It takes an output path, whether or not to emit a pdb-file and a doc-file, and if the resulting library should be an executable or a dll. It uses these to construct command-line arguments to use with fsc (through the use of FSharp.Compiler.Service).

The first thing needed to emit the assembly is to figure out where to put temp-files, and where to do with the resulting library file. Therefore, the first two methods of the Emit method are:

var tempBasePath = Path.Combine(outputPath, _project.Name, "obj");  
var outputDll = Path.Combine(outputPath, _project.Name + (emitExe ? ".exe" : ".dll"));  
Directory.CreateDirectory(tempBasePath);  

Next up, the default command line arguments are added together in a list:

var fscArgBuilder = new List<string>();  
fscArgBuilder.Add("fsc.exe");  
fscArgBuilder.Add("--noframework");  
fscArgBuilder.Add("--nologo");  
fscArgBuilder.Add("--out:" + outputDll);  
fscArgBuilder.Add("--target:" + (emitExe ? "exe" : "library"));  

And handle the cases with pdbs and xml-docs:

if (emitPdb)  
{
    var pdb = Path.Combine(outputPath, _project.Name + ".pdb");

    fscArgBuilder.Add("--debug");
    fscArgBuilder.Add("--optimize-");
    fscArgBuilder.Add("--tailcalls-");
    fscArgBuilder.Add("--pdb:" + pdb);
}

if (emitDocFile)  
{
    var doc = Path.Combine(outputPath, _project.Name + ".xml");

    fscArgBuilder.Add("--doc:" + doc);
}

After that's done, we need to add all of the source files. That's done easily by the following command:

fscArgBuilder.AddRange(_project.SourceFiles);  

Then comes references. References are more complicated, because as said earlier, there are 3 different kinds of references we need to account for. The ones that are from nupkegs are easy, because they are already assemblies on disk (and we just get a path to them). However, embedded references, and project references has to be written to disk. We also want to make sure that the FSharpSupport assembly itself isn't added to the compilation, as it's not intended to be used as an API. This will probably not be necessary once vNext gets support for development dependencies, however as of today this still needs to be handled separately. Also, the files we put on disk to use in the compilation should be cleaned up afterwards, so that we don't keep producing assemblies that just lay around forever.

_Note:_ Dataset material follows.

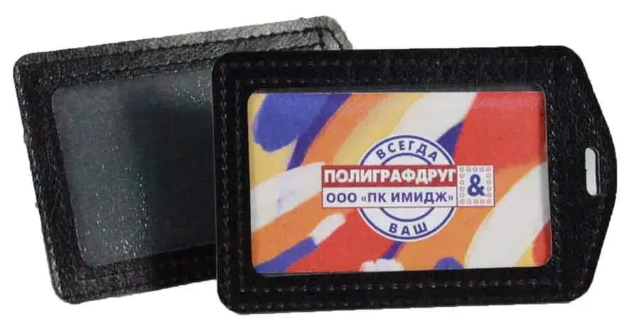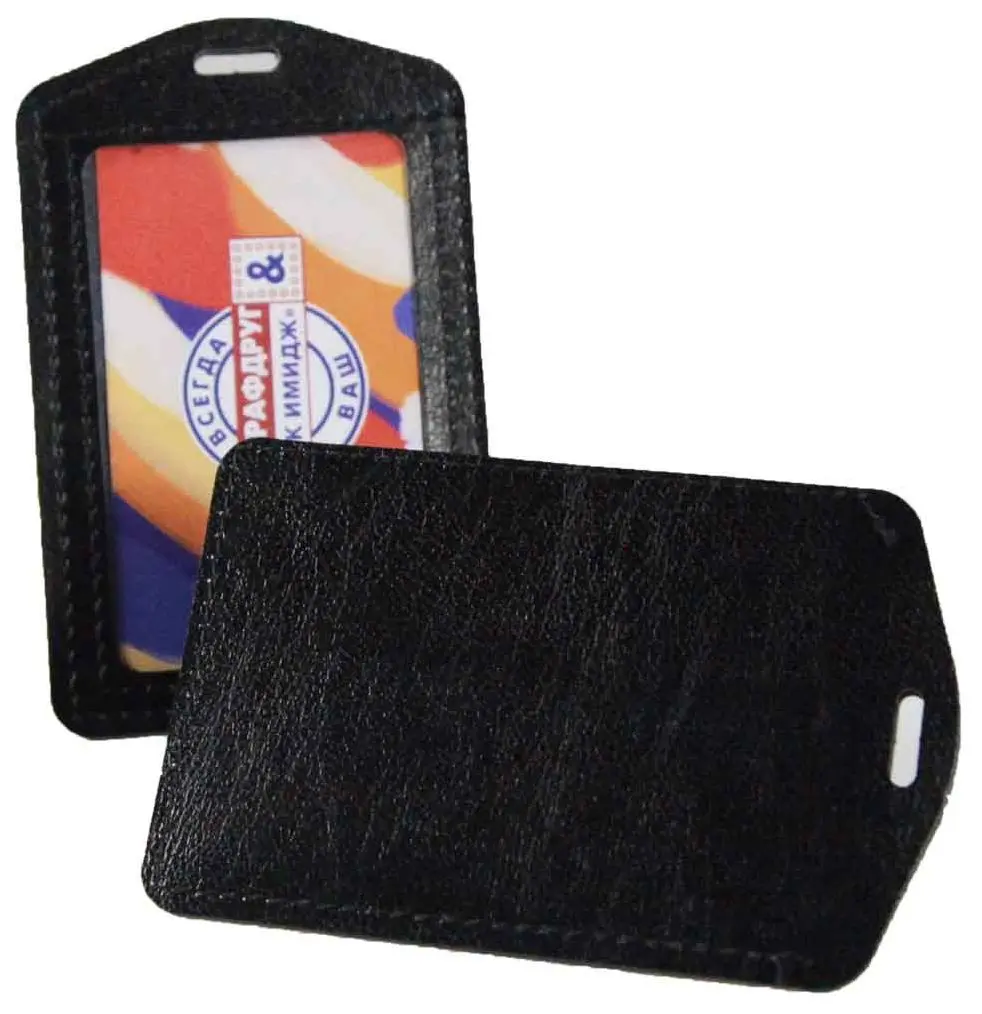 Бейджи из искусственной кожи, прошитые по краям, с окошечком из толстой прозрачной пленки ПВХ. Сделаны под размер визитной карточки или размер банковской карточки. Бейджи имеют ушко для крепления ретрактора или другого держателя. Держатель можно заказать отдельно (артикул ДР-В) Цвет черный

So, to get started, we need to loop through all of the given references and handle them one by one, and if it's the FSharpSupport itself, we just skip it:

var tempFiles = new List<string>();

// These are the metadata references being used by your project.
// Everything in your project.json is resolved and normailzed here:
// - Project references
// - Package references are turned into the appropriate assemblies
// - Assembly neutral references
// Each IMetadaReference maps to an assembly
foreach (var reference in _metadataReferences)  
{
    // Skip this project
    if (reference.Name == typeof(FSharpProjectReference).Assembly.GetName().Name)
    {
        continue;
    }

First of, is the nupkeg assemblies. As said, those are easy, and we simply need to add them to our compilation:

// NuGet references
var fileReference = reference as IMetadataFileReference;  
if (fileReference != null)  
{
    fscArgBuilder.Add(@"-r:" + fileReference.Path);
}

Next up is assembly neutral interfaces (or embedded assemblies in general). They are delivered as a byte array, and have to be written to disk prior to compiling. They also need to be included in the temp-files, so they get removed after the compilation:

// Assembly neutral references
var embeddedReference = reference as IMetadataEmbeddedReference;  
if (embeddedReference != null)  
{
    var tempEmbeddedPath = Path.Combine(tempBasePath, reference.Name + ".dll");

    // Write the ANI to disk for fsc
    File.WriteAllBytes(tempEmbeddedPath, embeddedReference.Contents);

    fscArgBuilder.Add("-r:" + tempEmbeddedPath);

    tempFiles.Add(tempEmbeddedPath);
}

And lastly, there's the project references. Project references are handled just like the embedded assemblies, with the exception that they are written to disk differently, by means of the EmitReferenceAssembly method:

// Project references
var projectReference = reference as IMetadataProjectReference;  
if (projectReference != null)  
{
    // You can write the reference assembly to the stream
    // and add the reference to your compiler

    var tempProjectDll = Path.Combine(tempBasePath, reference.Name + ".dll");

    using (var fs = File.OpenWrite(tempProjectDll))
    {
        projectReference.EmitReferenceAssembly(fs);
    }

    fscArgBuilder.Add(@"-r:" + tempProjectDll);

    tempFiles.Add(tempProjectDll);
}

With that done, all that is left is to run the actual compilation. This is done with types from the FSharp.Compiler.Service nupkeg like so:

var scs = new SimpleSourceCodeServices();  
var result = scs.Compile(fscArgBuilder.ToArray());  

The last piece of the puzzle is to filter out warnings and errors, and produce the diagnostics result. And for the case of simplifying debugging, we only delete the temp files if the compilation succeeded. Add the following few lines, and the method is done:

var warnings = result.Item1.Where(i => i.Severity.IsWarning).Select(i => i.ToString()).ToArray();  
var errors = result.Item1.Where(i => i.Severity.IsError).Select(i => i.ToString()).ToArray();

if (result.Item2 != 0)  
{
    return new DiagnosticResult(success: false, warnings: warnings, errors: errors);
}

// Nuke the temporary references on disk
tempFiles.ForEach(File.Delete);

Directory.Delete(tempBasePath);

return new DiagnosticResult(success: true, warnings: warnings, errors: errors);  

And there we have it. A complete and working Emit method that can compile our F# sources and give back errors and warnings. Now we just need to do the implementations of IMetadataProjectReference that uses the Emit method, which is now significantly easier.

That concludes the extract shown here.